** Opening Exercise data block **

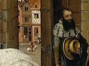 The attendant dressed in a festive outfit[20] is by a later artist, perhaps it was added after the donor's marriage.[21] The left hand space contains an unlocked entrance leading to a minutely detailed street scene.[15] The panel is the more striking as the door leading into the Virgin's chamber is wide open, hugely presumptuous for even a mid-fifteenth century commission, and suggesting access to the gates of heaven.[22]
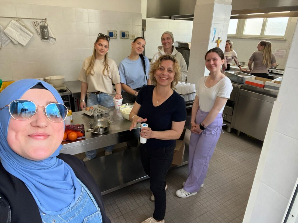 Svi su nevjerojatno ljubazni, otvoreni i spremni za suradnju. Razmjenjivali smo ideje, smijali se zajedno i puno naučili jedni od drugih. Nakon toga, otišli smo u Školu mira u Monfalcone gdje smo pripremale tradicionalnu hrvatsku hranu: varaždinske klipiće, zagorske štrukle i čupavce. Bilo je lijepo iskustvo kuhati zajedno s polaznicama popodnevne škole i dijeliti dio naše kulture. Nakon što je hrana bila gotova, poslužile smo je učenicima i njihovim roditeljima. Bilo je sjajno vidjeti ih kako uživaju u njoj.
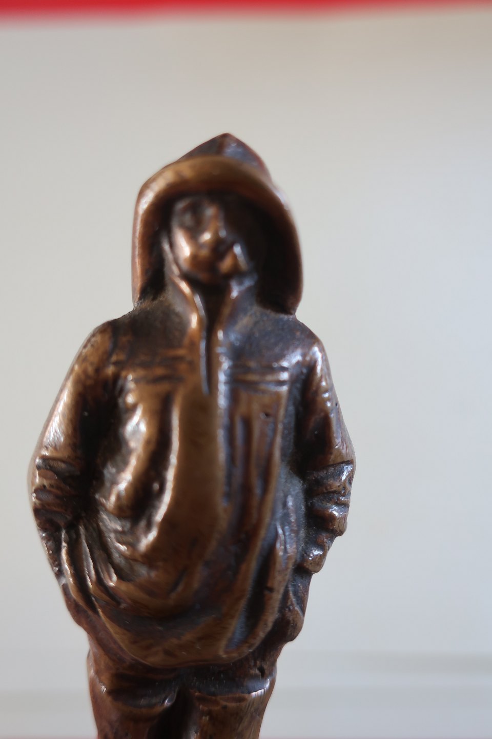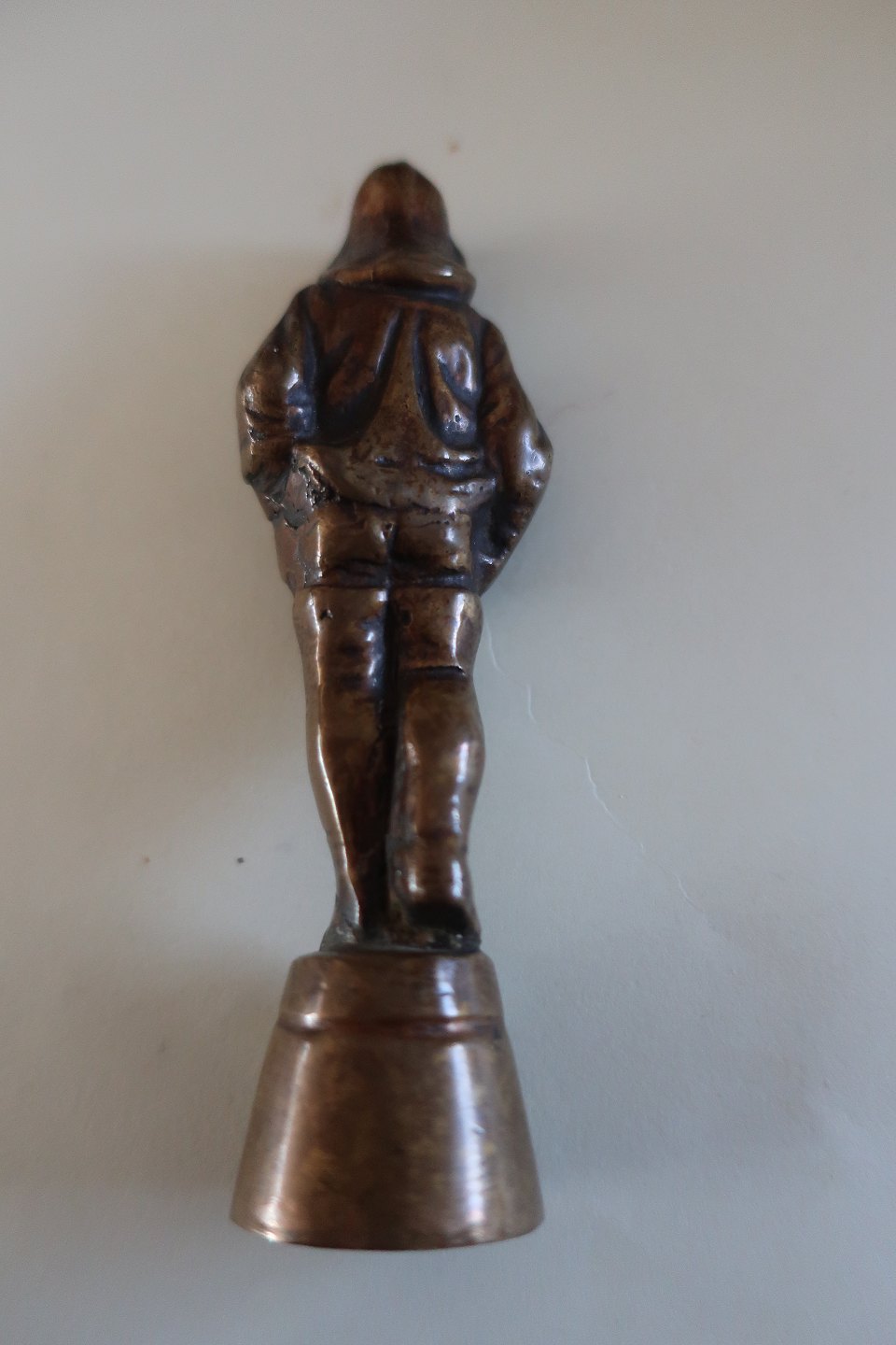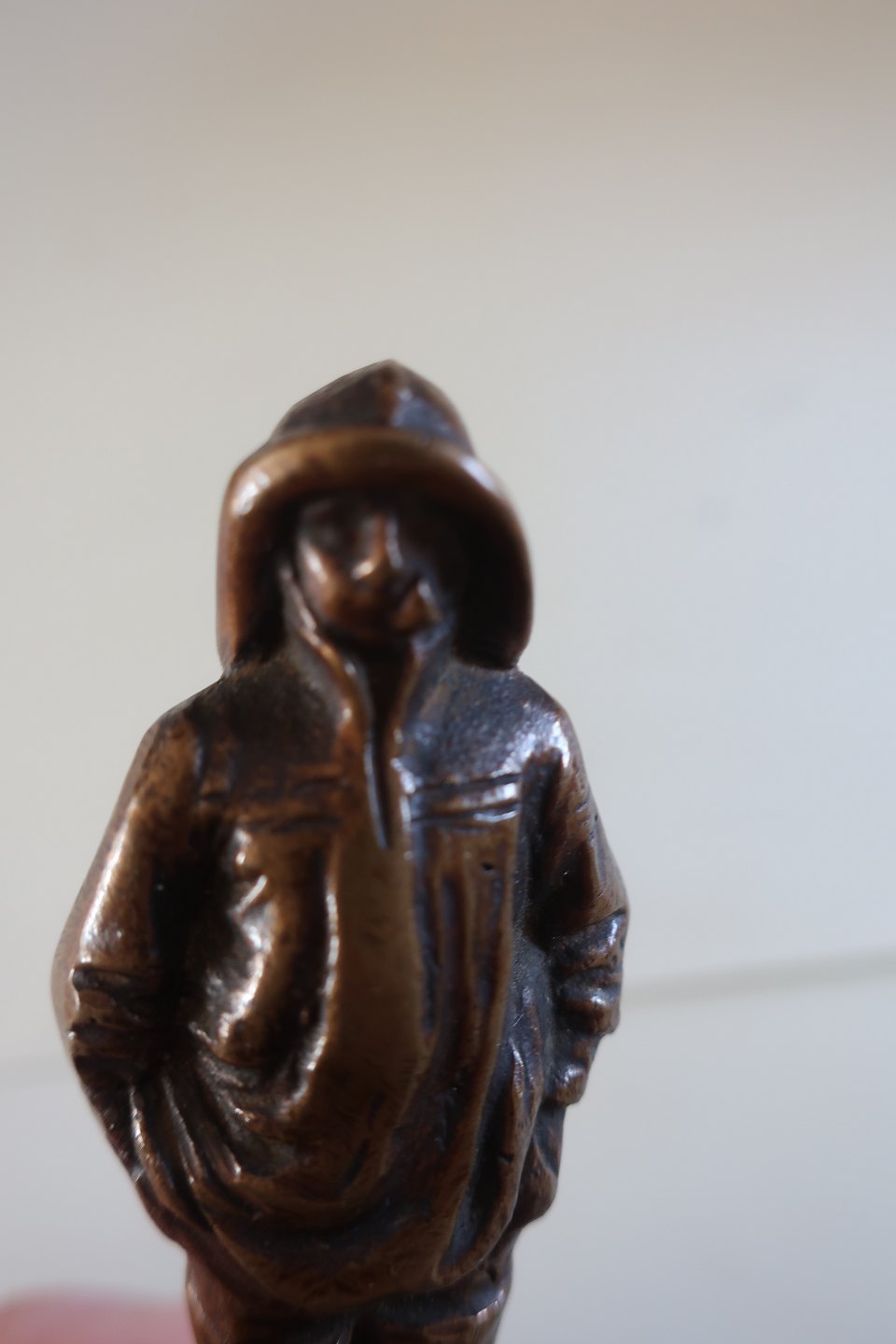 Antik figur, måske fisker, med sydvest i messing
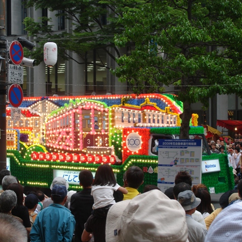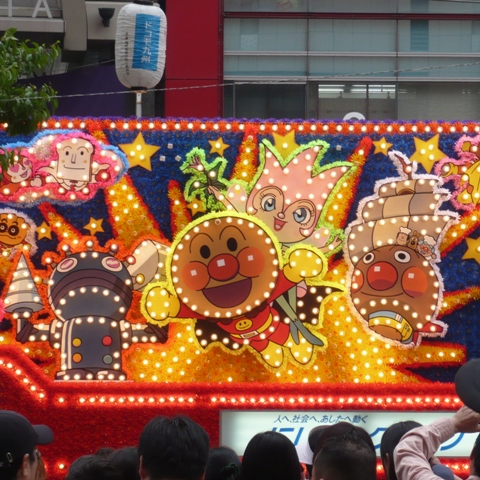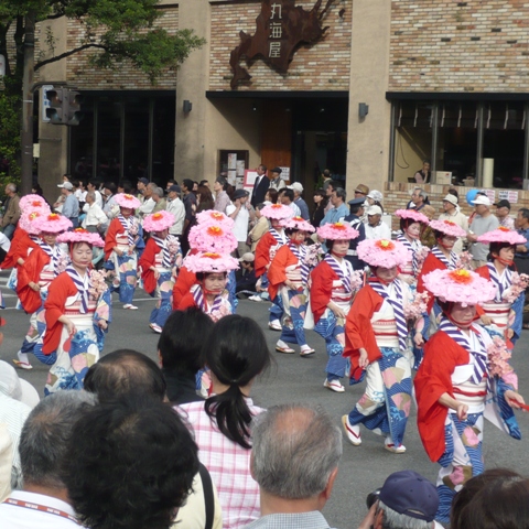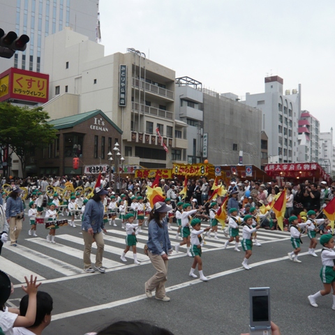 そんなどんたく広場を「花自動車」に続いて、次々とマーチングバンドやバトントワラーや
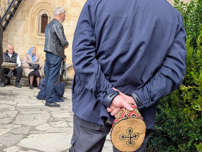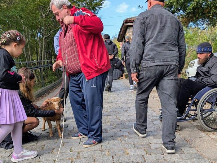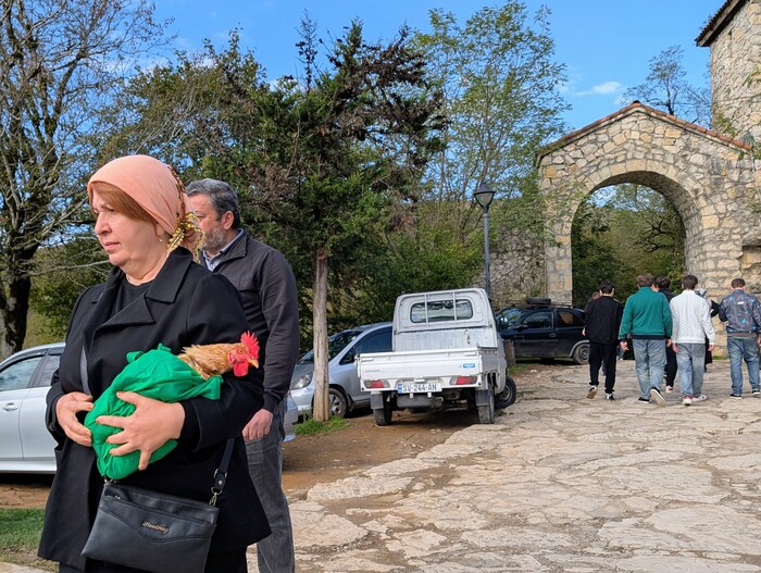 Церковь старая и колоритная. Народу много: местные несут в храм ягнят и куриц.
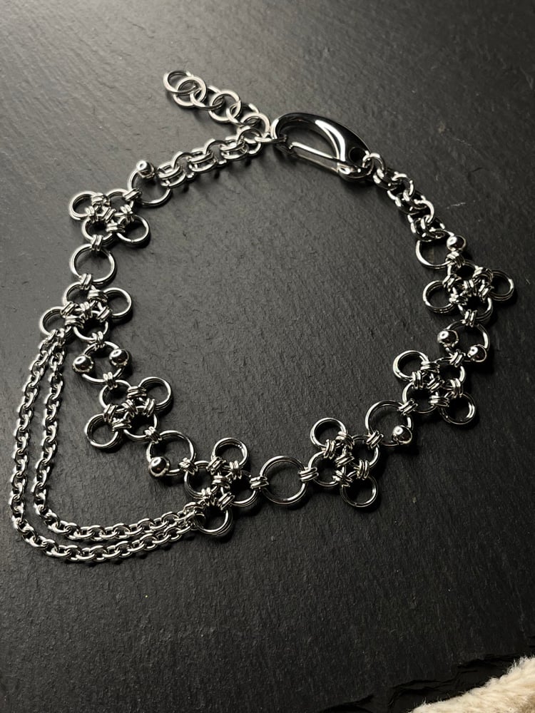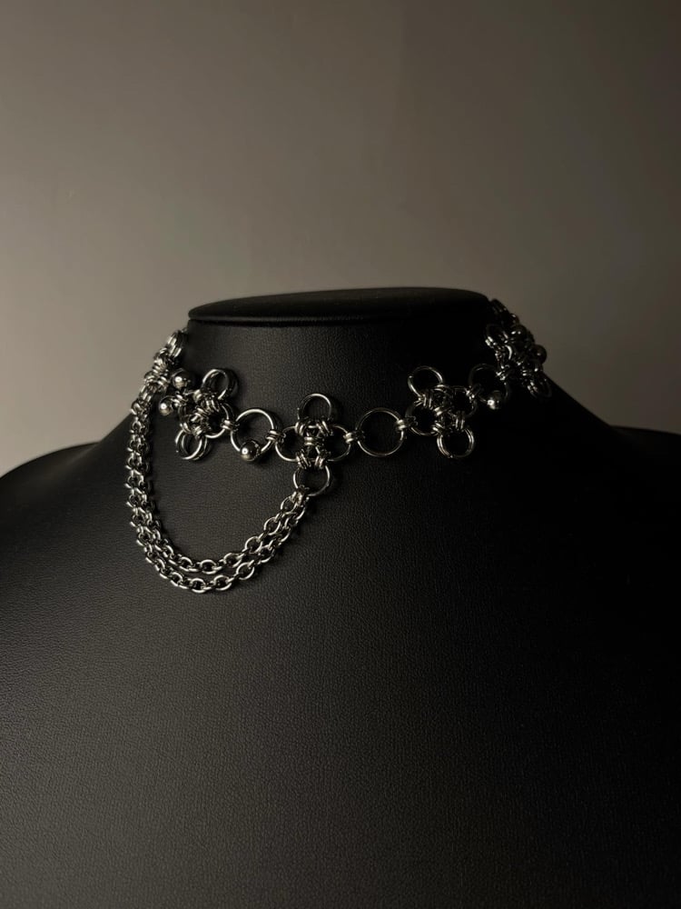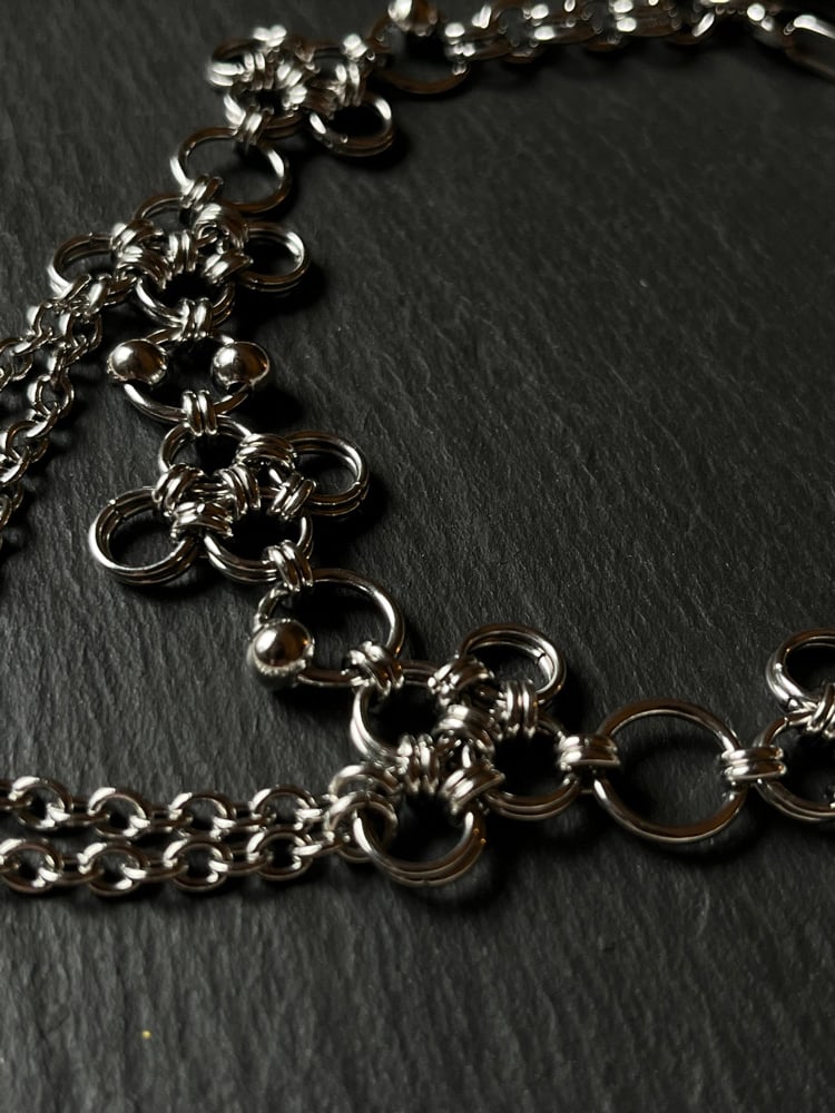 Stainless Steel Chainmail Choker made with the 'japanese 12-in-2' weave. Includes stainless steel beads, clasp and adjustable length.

** Closing Exercise data block **

To do
Reproduce the data above word for word, but leave the images out.

Expected answer
 The attendant dressed in a festive outfit[20] is by a later artist, perhaps it was added after the donor's marriage.[21] The left hand space contains an unlocked entrance leading to a minutely detailed street scene.[15] The panel is the more striking as the door leading into the Virgin's chamber is wide open, hugely presumptuous for even a mid-fifteenth century commission, and suggesting access to the gates of heaven.[22]
 Svi su nevjerojatno ljubazni, otvoreni i spremni za suradnju. Razmjenjivali smo ideje, smijali se zajedno i puno naučili jedni od drugih. Nakon toga, otišli smo u Školu mira u Monfalcone gdje smo pripremale tradicionalnu hrvatsku hranu: varaždinske klipiće, zagorske štrukle i čupavce. Bilo je lijepo iskustvo kuhati zajedno s polaznicama popodnevne škole i dijeliti dio naše kulture. Nakon što je hrana bila gotova, poslužile smo je učenicima i njihovim roditeljima. Bilo je sjajno vidjeti ih kako uživaju u njoj.
 Antik figur, måske fisker, med sydvest i messing
 そんなどんたく広場を「花自動車」に続いて、次々とマーチングバンドやバトントワラーや
 Церковь старая и колоритная. Народу много: местные несут в храм ягнят и куриц.
 Stainless Steel Chainmail Choker made with the 'japanese 12-in-2' weave. Includes stainless steel beads, clasp and adjustable length.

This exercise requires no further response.